**DATA IN THIS EXERCISE**
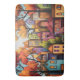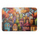 A scene of cute houses nestled amidst a tapestry of foliage, ablaze in hues of orange, blue and bronze. The terraced cityscape cascades with a sense of quaint charm, each building adorned with its own unique character.
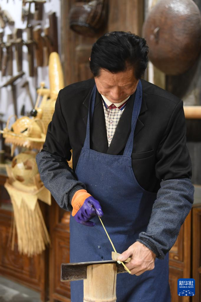 4月3日,篾匠徐明光在姜鹏的工作室削篾条。作为村里有名的老篾匠,他在这里找到了这门手艺的新方向。
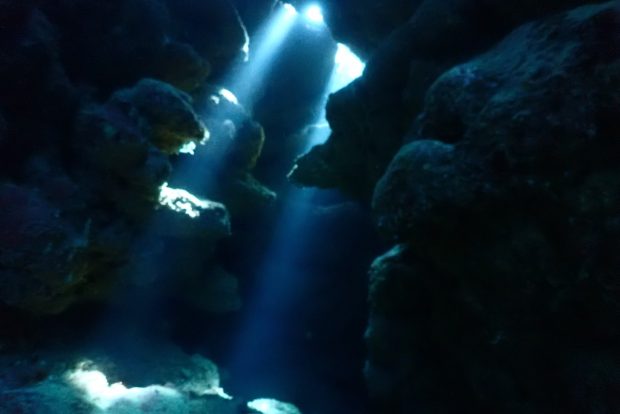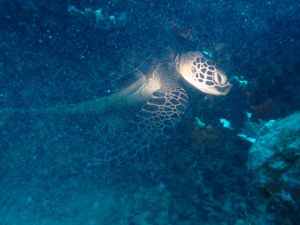 太陽もカンカン照りでアオウミガメは日陰にゴー。
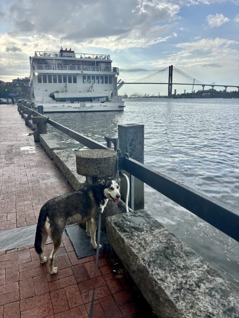 One of Savannah’s most iconic spots, Forsyth Park was established in 1841 and is rich with history and charm. There’s free street parking around the perimeter, and the park’s famous central fountain is a must-see. Max enjoyed sniffing around while I took in the beautiful scenery.
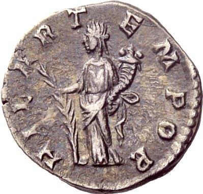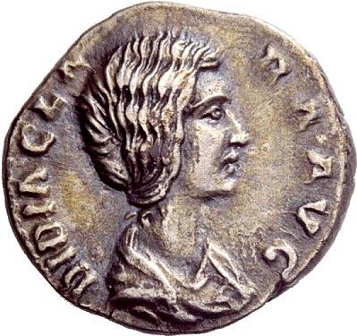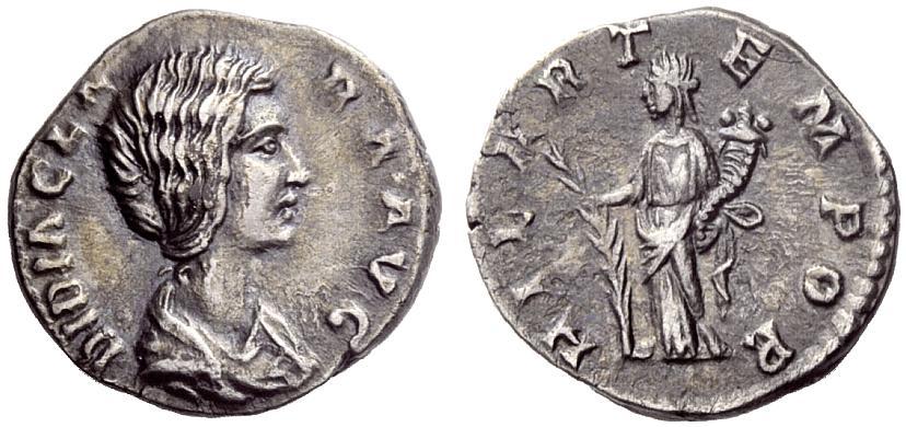 The Roman Republic. Didia Clara, daughter of Didius Julianus. Denarius March 28th-end of May 193, AR 2.77g. Draped bust r. Rev. Hilaritas standing l., holding long palm and cornucopiae. C 3. BMC Didius Julianus 14. RIC Didius Julianus 10. Very rare. Toned, good very fine
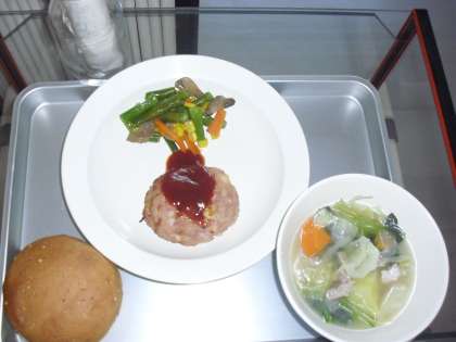 今日の献立は、セサミパン、アップルチーズ、いんげんソテー、ベーコンと野菜のスープです。
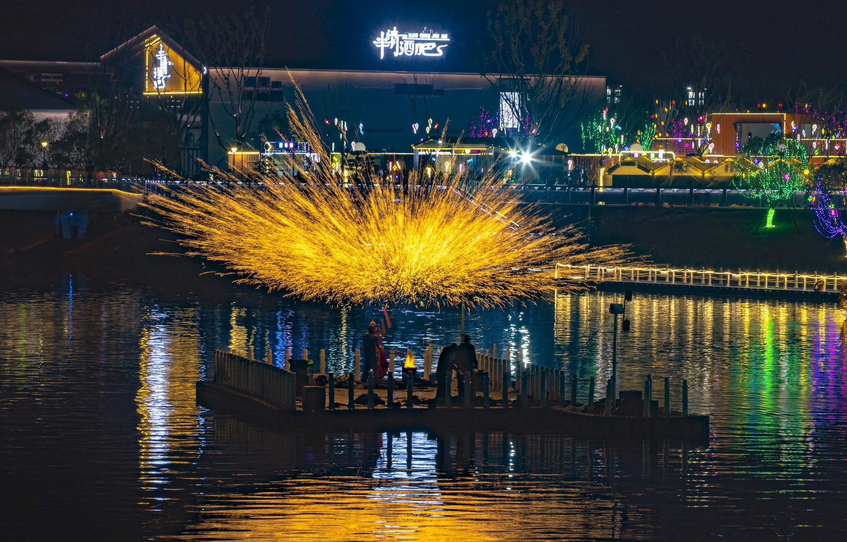 乘船除了观景,还能看戏。非遗绝技打铁花、火壶、火舞表演在水面舞台接连上演,当1600℃的铁水腾空而起,万点繁星般的铁屑化作绚烂“焰火”,在夜空中营造出梦幻般的视觉盛宴。
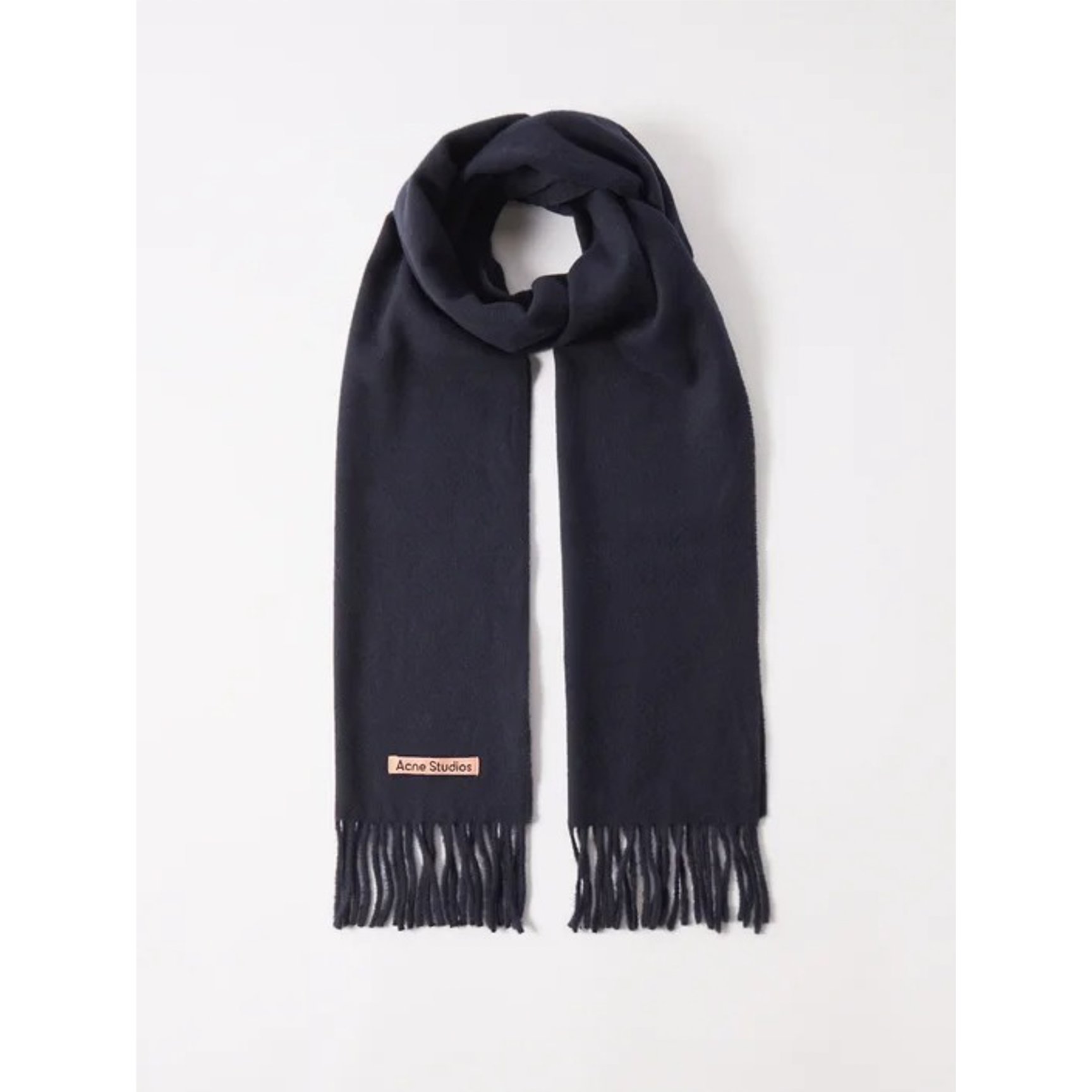 品のあるウールの面持ちと、中厚手の生地感が嬉しい「アクネ ストゥディオズ(Acne Studios)」のマフラー。黒ではなくネイビーなので、強くなりすぎずスタイルに馴染みます。
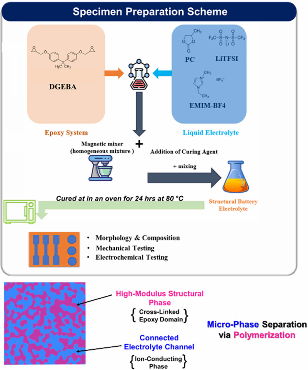 To prepare the polymer samples, 1 M LiTFSI was completely dissolved in 99 wt% of EMIMBF4 and 1% PC to formulate the liquid electrolyte phase, and then it was mixed with the epoxy phase using a magnetic stirring setup at room temperature until a homogeneous mixture was formed. The formulated polymer was mixed according to the mass ratio of the liquid electrolyte to epoxy, refereed as SBE_ (Electrolyte/Epoxy; i.e., SBE_0.75, SBE_1, SBE 1.25). Then it was cast in a steel mold to make specimens for further characterization. A schematic of the fabrication process with the resulting bi-phasic structures is shown in Fig. 1.
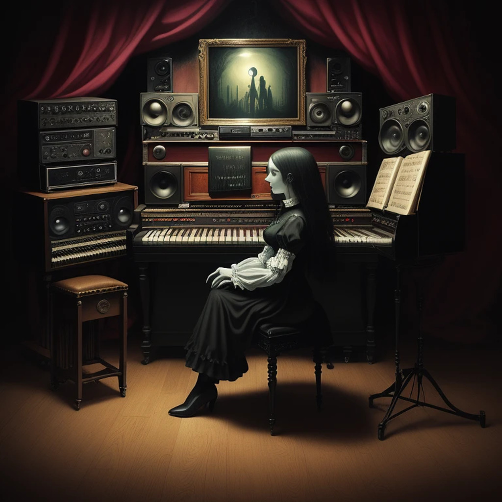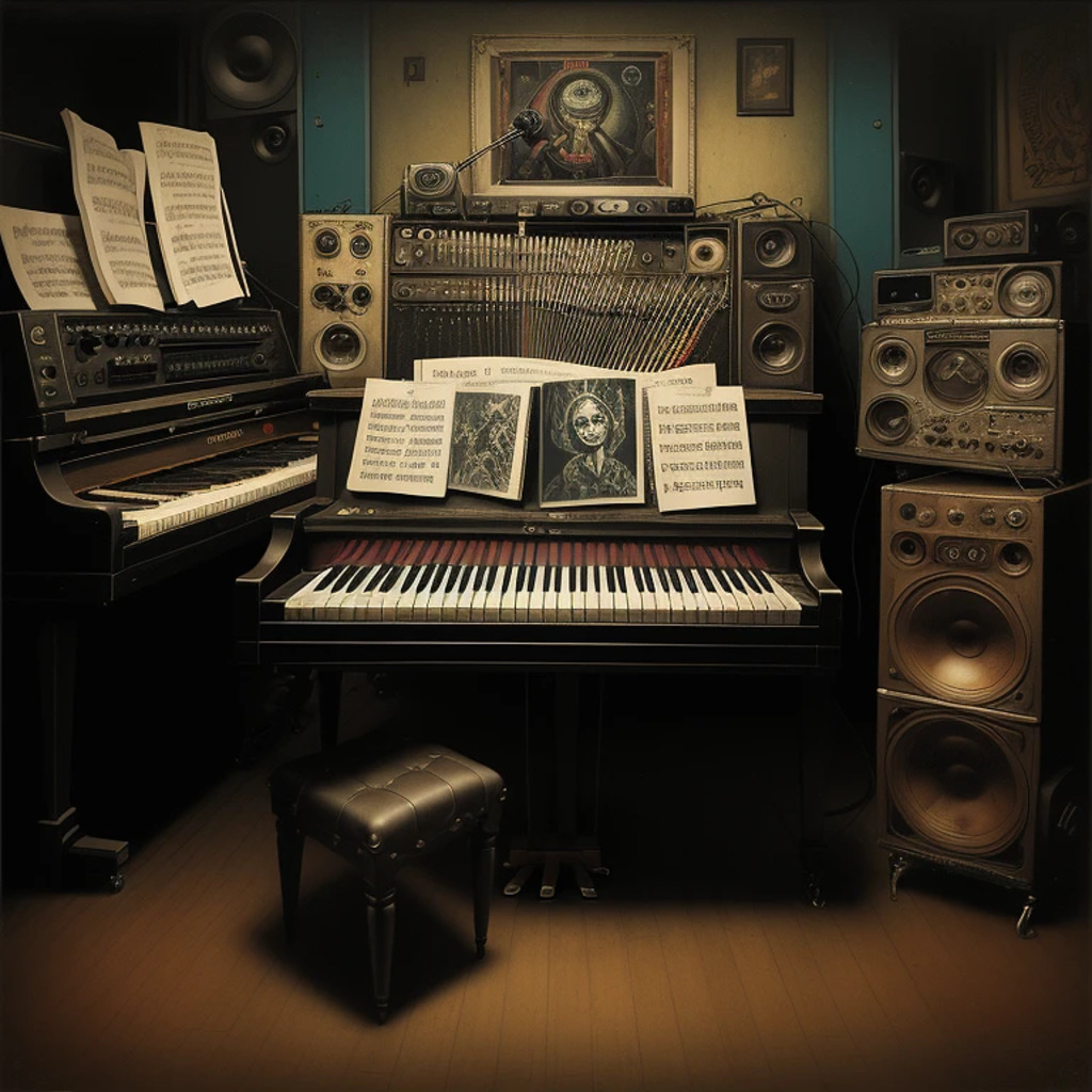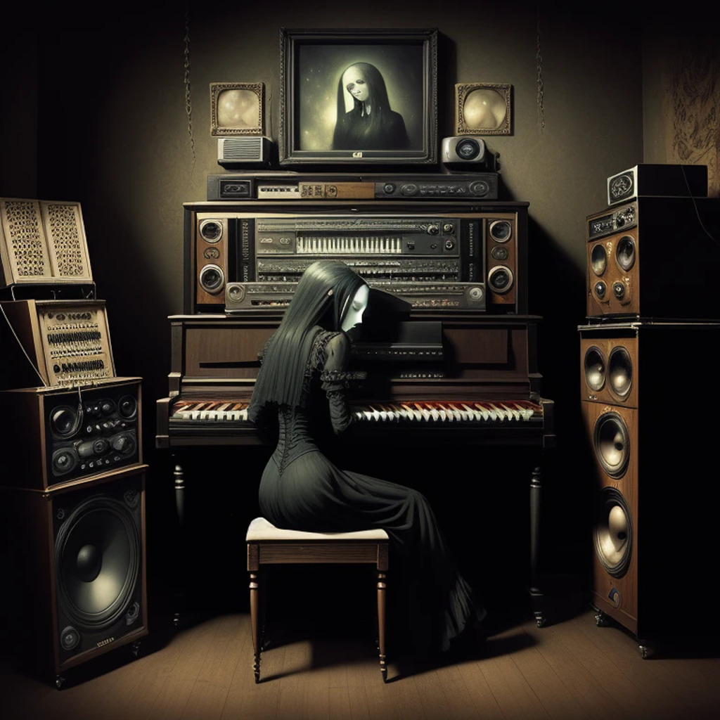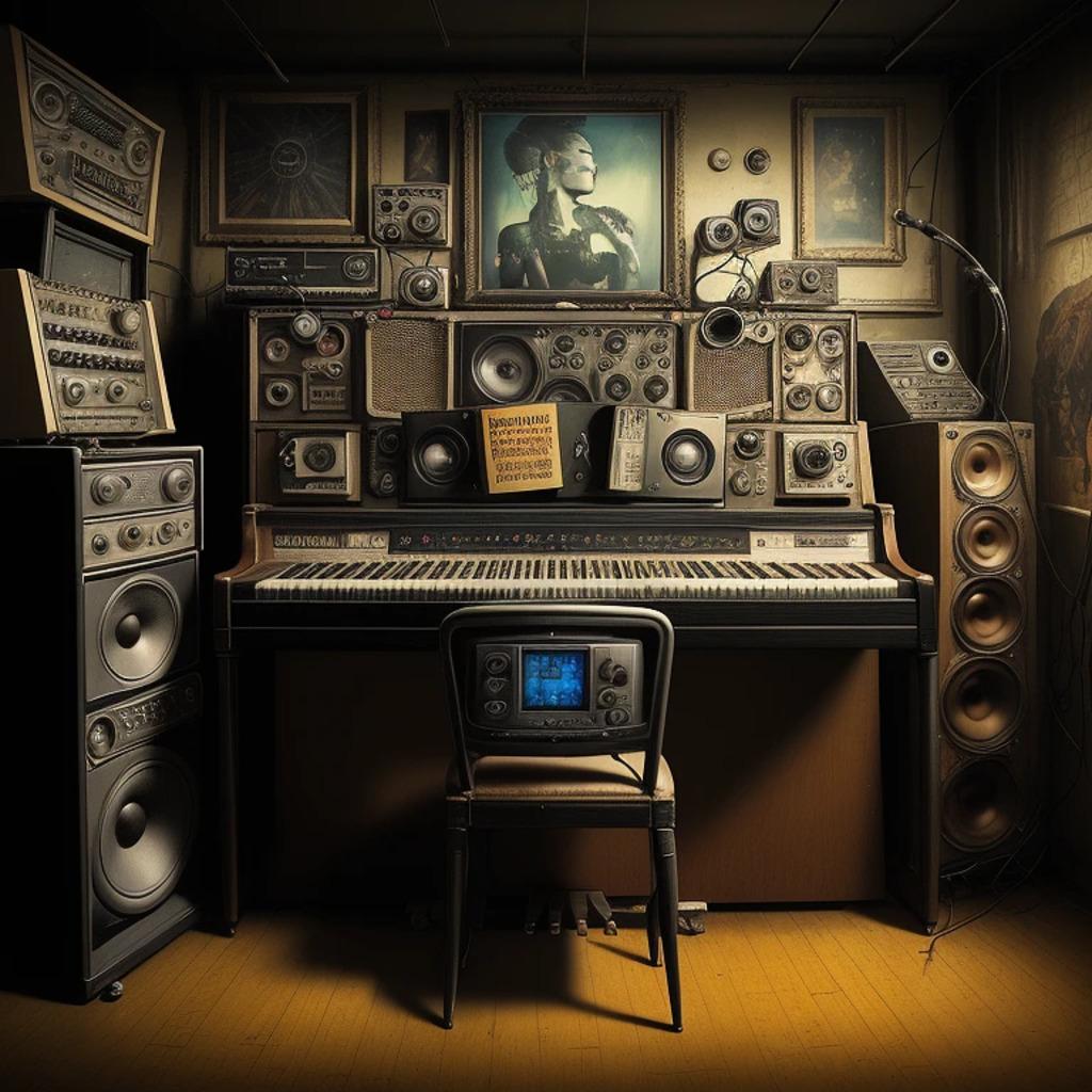 Prompt: music Album cover picture, gothic, surreal art, oil picture, radio, speaker, computer, piano, organ, radio studio

**WORK TO BE COMPLETED**
Could you give again precisely the lines from the one containing "太陽もカンカン照りでアオウミガメは日陰にゴー。" through the final line of the material above, both included, and no others, dropping the pictures?

**TASK RESPONSE**
 太陽もカンカン照りでアオウミガメは日陰にゴー。
 One of Savannah’s most iconic spots, Forsyth Park was established in 1841 and is rich with history and charm. There’s free street parking around the perimeter, and the park’s famous central fountain is a must-see. Max enjoyed sniffing around while I took in the beautiful scenery.
 The Roman Republic. Didia Clara, daughter of Didius Julianus. Denarius March 28th-end of May 193, AR 2.77g. Draped bust r. Rev. Hilaritas standing l., holding long palm and cornucopiae. C 3. BMC Didius Julianus 14. RIC Didius Julianus 10. Very rare. Toned, good very fine
 今日の献立は、セサミパン、アップルチーズ、いんげんソテー、ベーコンと野菜のスープです。
 乘船除了观景,还能看戏。非遗绝技打铁花、火壶、火舞表演在水面舞台接连上演,当1600℃的铁水腾空而起,万点繁星般的铁屑化作绚烂“焰火”,在夜空中营造出梦幻般的视觉盛宴。
 品のあるウールの面持ちと、中厚手の生地感が嬉しい「アクネ ストゥディオズ(Acne Studios)」のマフラー。黒ではなくネイビーなので、強くなりすぎずスタイルに馴染みます。
 To prepare the polymer samples, 1 M LiTFSI was completely dissolved in 99 wt% of EMIMBF4 and 1% PC to formulate the liquid electrolyte phase, and then it was mixed with the epoxy phase using a magnetic stirring setup at room temperature until a homogeneous mixture was formed. The formulated polymer was mixed according to the mass ratio of the liquid electrolyte to epoxy, refereed as SBE_ (Electrolyte/Epoxy; i.e., SBE_0.75, SBE_1, SBE 1.25). Then it was cast in a steel mold to make specimens for further characterization. A schematic of the fabrication process with the resulting bi-phasic structures is shown in Fig. 1.
 Prompt: music Album cover picture, gothic, surreal art, oil picture, radio, speaker, computer, piano, organ, radio studio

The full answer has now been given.